YOUR GOAL:
Below are entries with pictures among them; reproduce exactly, and only, the lines from the one containing "Découvre le système" down to the one containing "- If you try", without the pictures.

[[ STUDY MATERIAL, beginning ]]

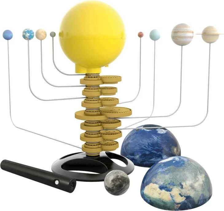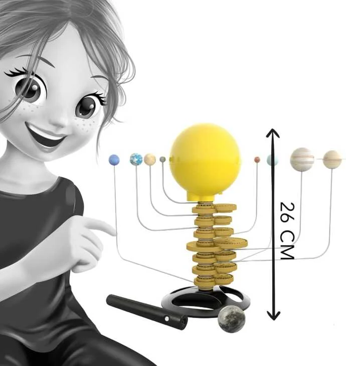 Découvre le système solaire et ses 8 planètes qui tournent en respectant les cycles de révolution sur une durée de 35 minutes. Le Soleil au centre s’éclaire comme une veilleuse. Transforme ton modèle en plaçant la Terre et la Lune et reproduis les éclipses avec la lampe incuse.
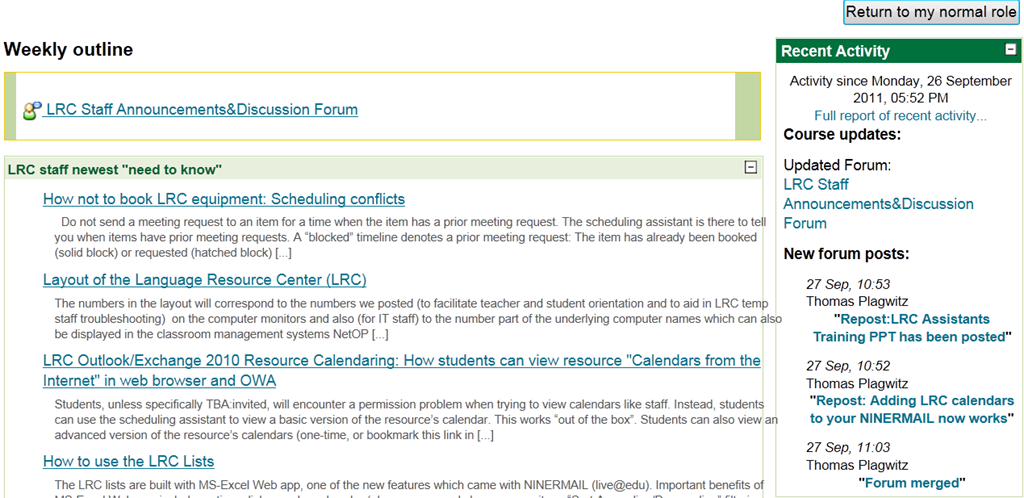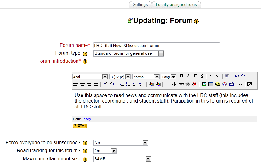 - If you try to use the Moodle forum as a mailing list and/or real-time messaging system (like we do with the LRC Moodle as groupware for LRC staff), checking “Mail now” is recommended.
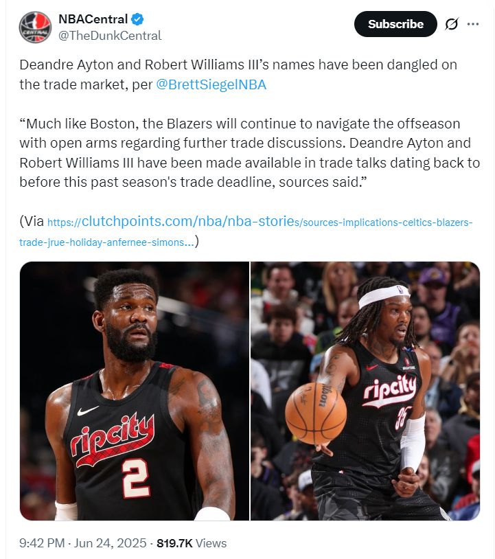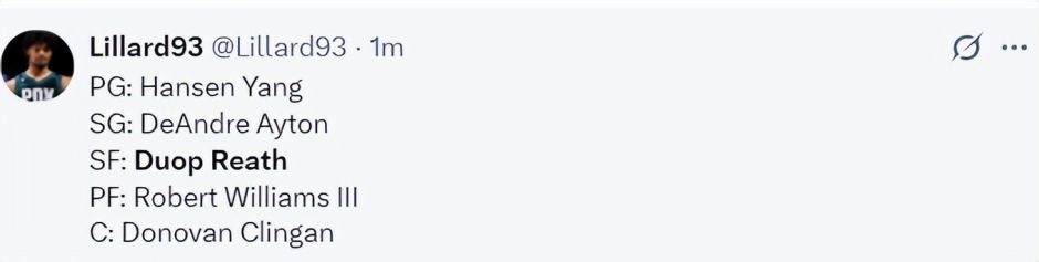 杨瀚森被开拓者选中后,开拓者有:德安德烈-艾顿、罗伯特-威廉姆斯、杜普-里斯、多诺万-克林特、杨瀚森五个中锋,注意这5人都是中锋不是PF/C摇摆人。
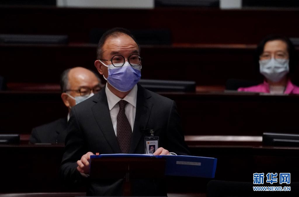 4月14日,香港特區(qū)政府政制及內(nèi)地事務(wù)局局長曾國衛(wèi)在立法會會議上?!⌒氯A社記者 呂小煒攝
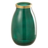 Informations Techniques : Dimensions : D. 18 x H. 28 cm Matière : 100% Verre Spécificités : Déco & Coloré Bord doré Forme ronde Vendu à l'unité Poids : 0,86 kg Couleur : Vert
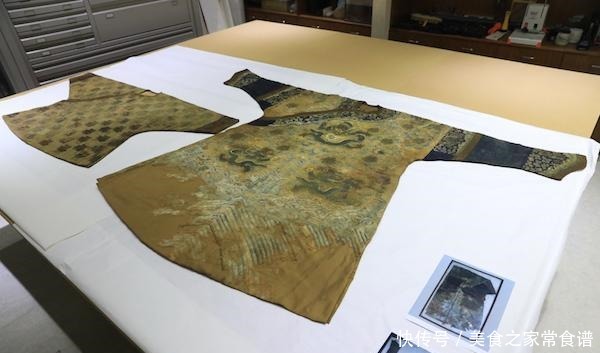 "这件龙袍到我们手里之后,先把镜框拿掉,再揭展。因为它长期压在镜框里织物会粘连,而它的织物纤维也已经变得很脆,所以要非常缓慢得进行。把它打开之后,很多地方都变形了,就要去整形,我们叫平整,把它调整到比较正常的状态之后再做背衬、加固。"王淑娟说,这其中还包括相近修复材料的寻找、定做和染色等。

[[ STUDY MATERIAL, end ]]
[[ STUDY MATERIAL, beginning ]]

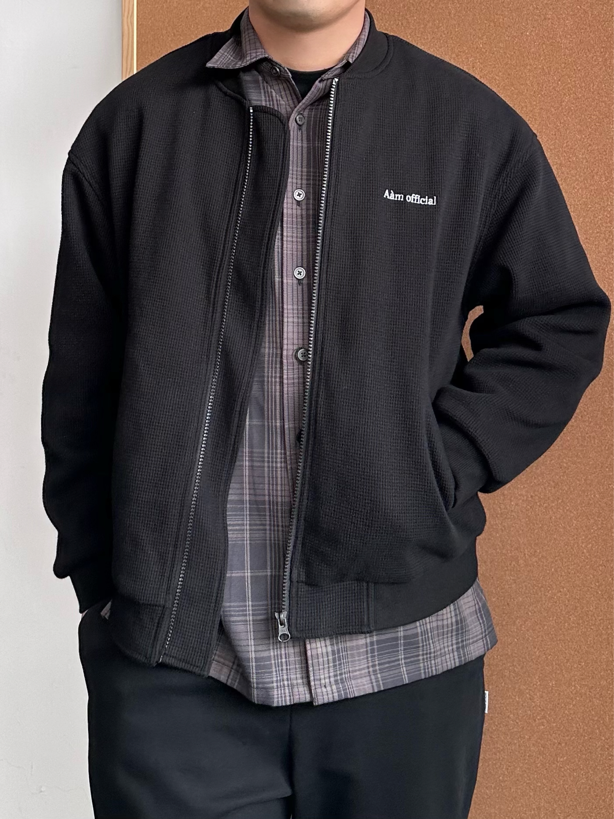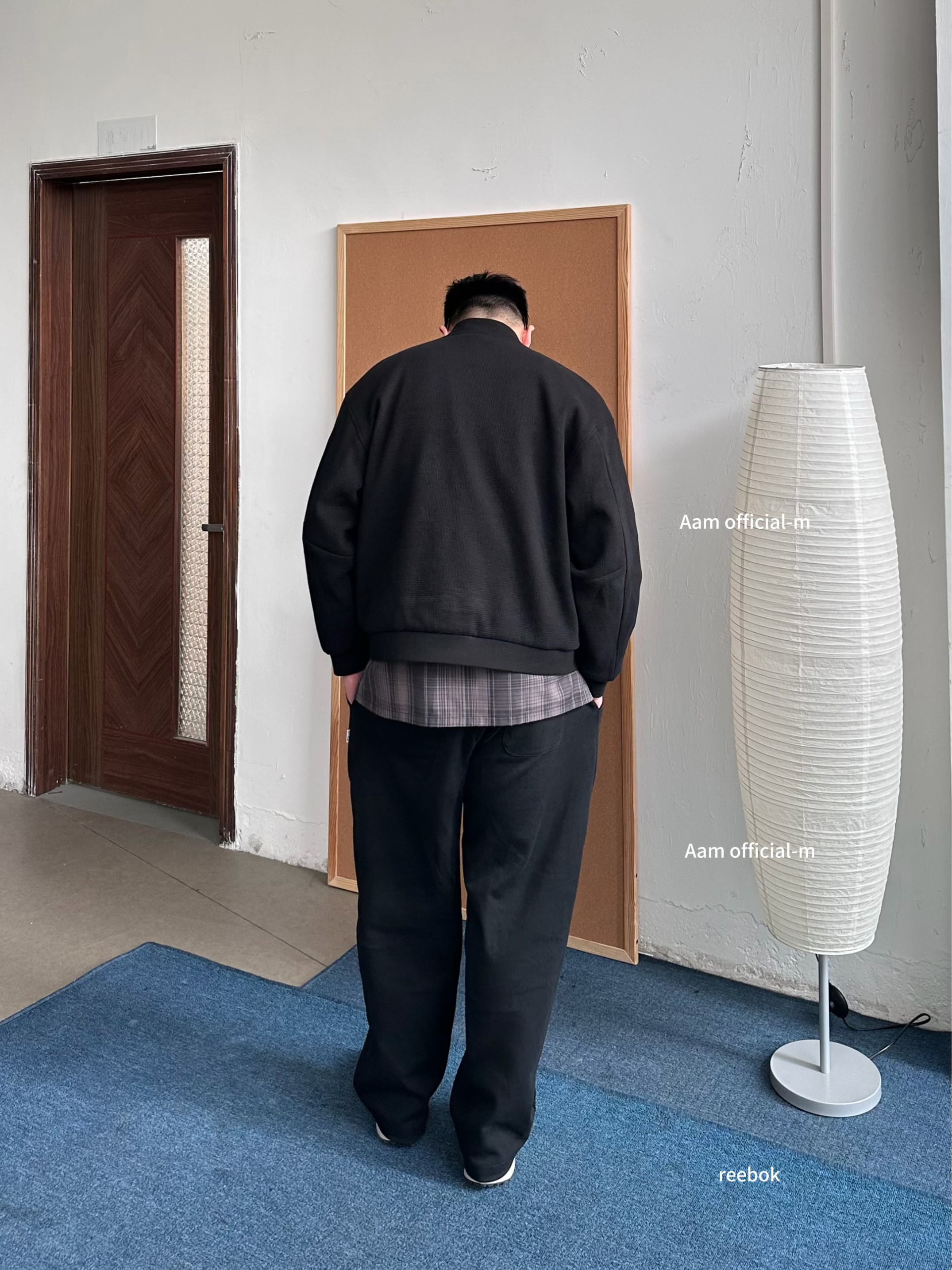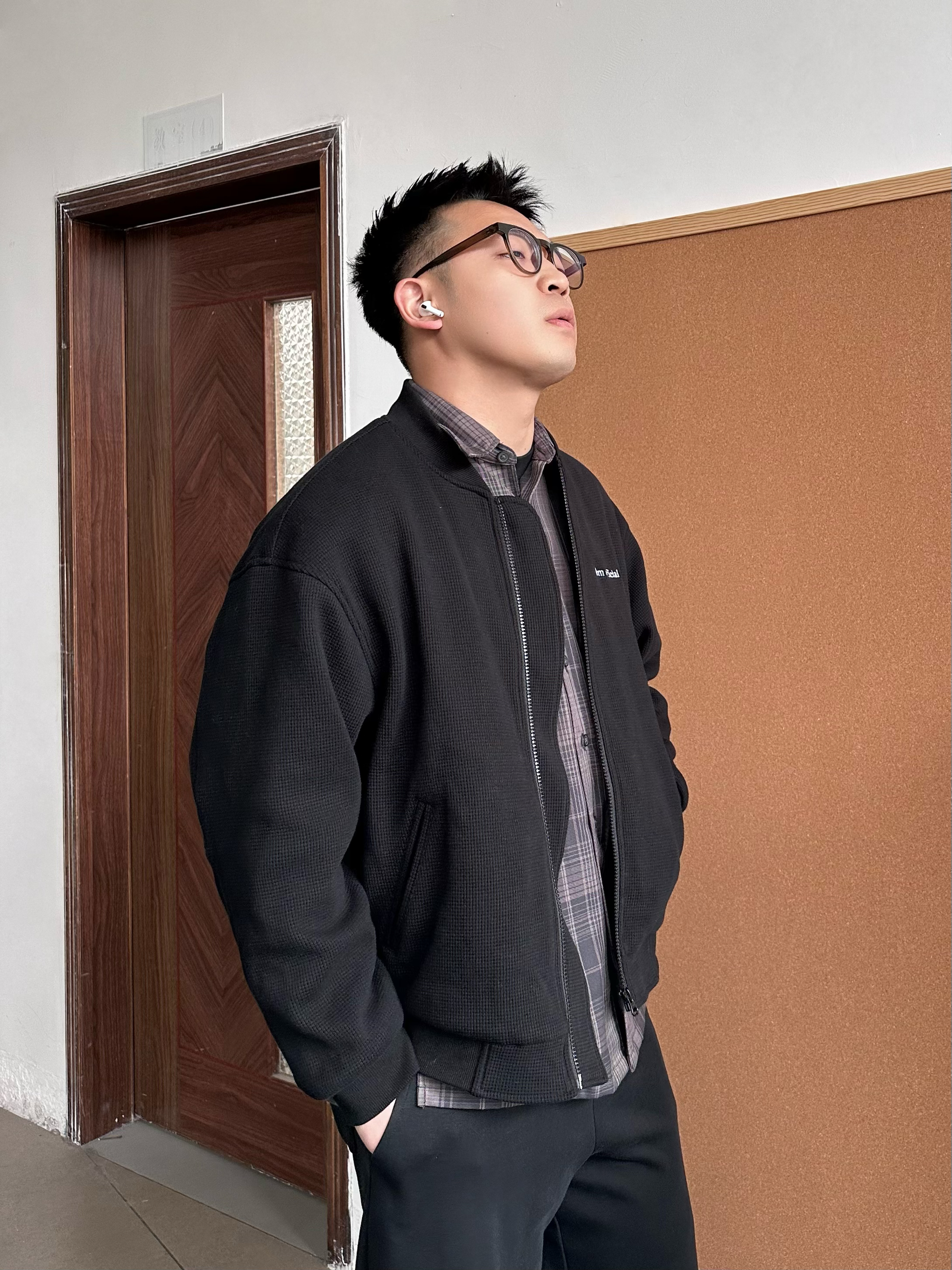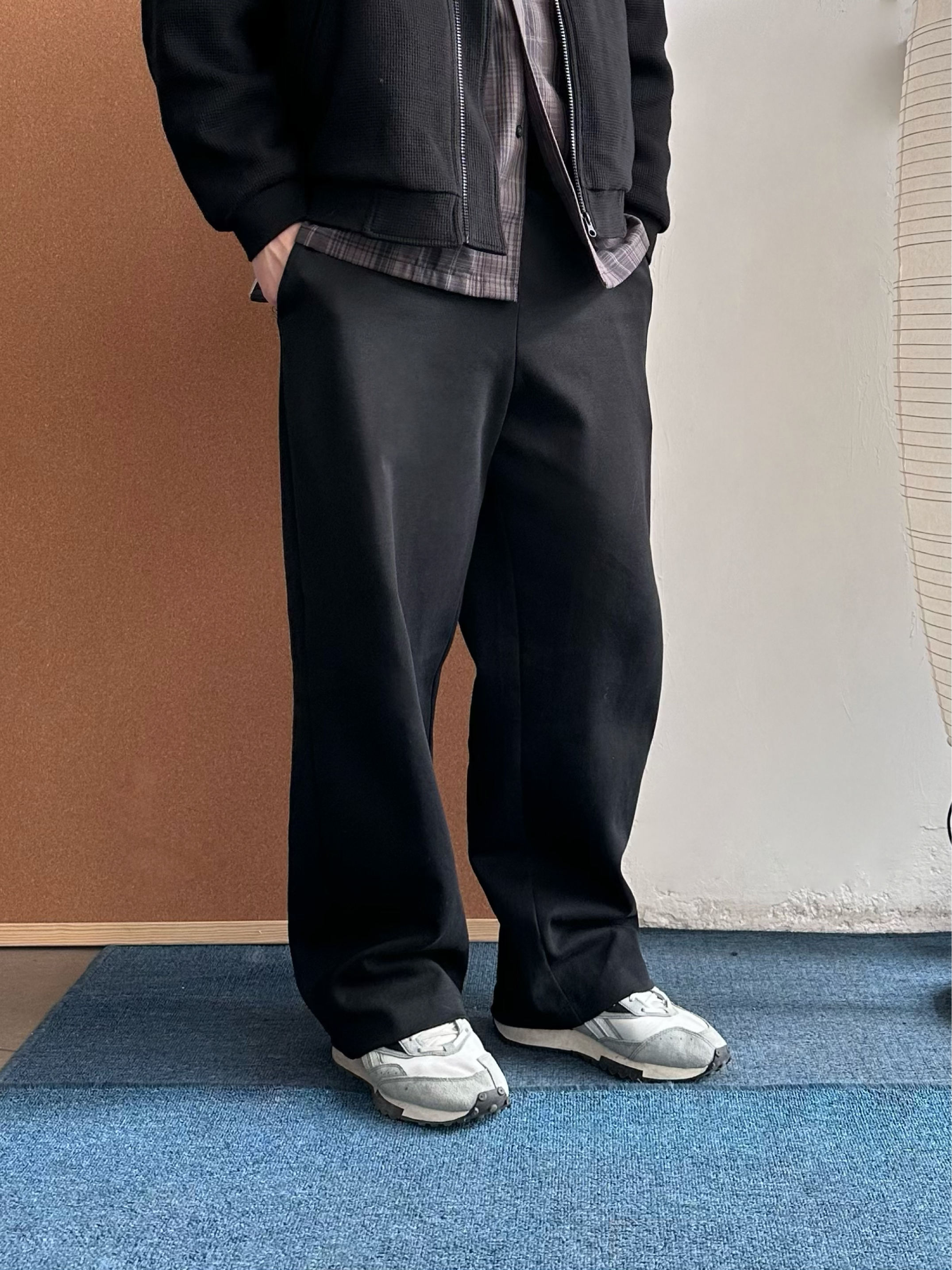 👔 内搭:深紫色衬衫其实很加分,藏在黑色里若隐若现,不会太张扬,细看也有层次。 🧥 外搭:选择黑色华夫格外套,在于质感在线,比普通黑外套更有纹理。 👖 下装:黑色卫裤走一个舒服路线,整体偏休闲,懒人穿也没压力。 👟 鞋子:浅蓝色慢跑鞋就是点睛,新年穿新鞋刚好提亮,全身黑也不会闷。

[[ STUDY MATERIAL, end ]]

TASK OUTPUT:
 Découvre le système solaire et ses 8 planètes qui tournent en respectant les cycles de révolution sur une durée de 35 minutes. Le Soleil au centre s’éclaire comme une veilleuse. Transforme ton modèle en plaçant la Terre et la Lune et reproduis les éclipses avec la lampe incuse.
 - If you try to use the Moodle forum as a mailing list and/or real-time messaging system (like we do with the LRC Moodle as groupware for LRC staff), checking “Mail now” is recommended.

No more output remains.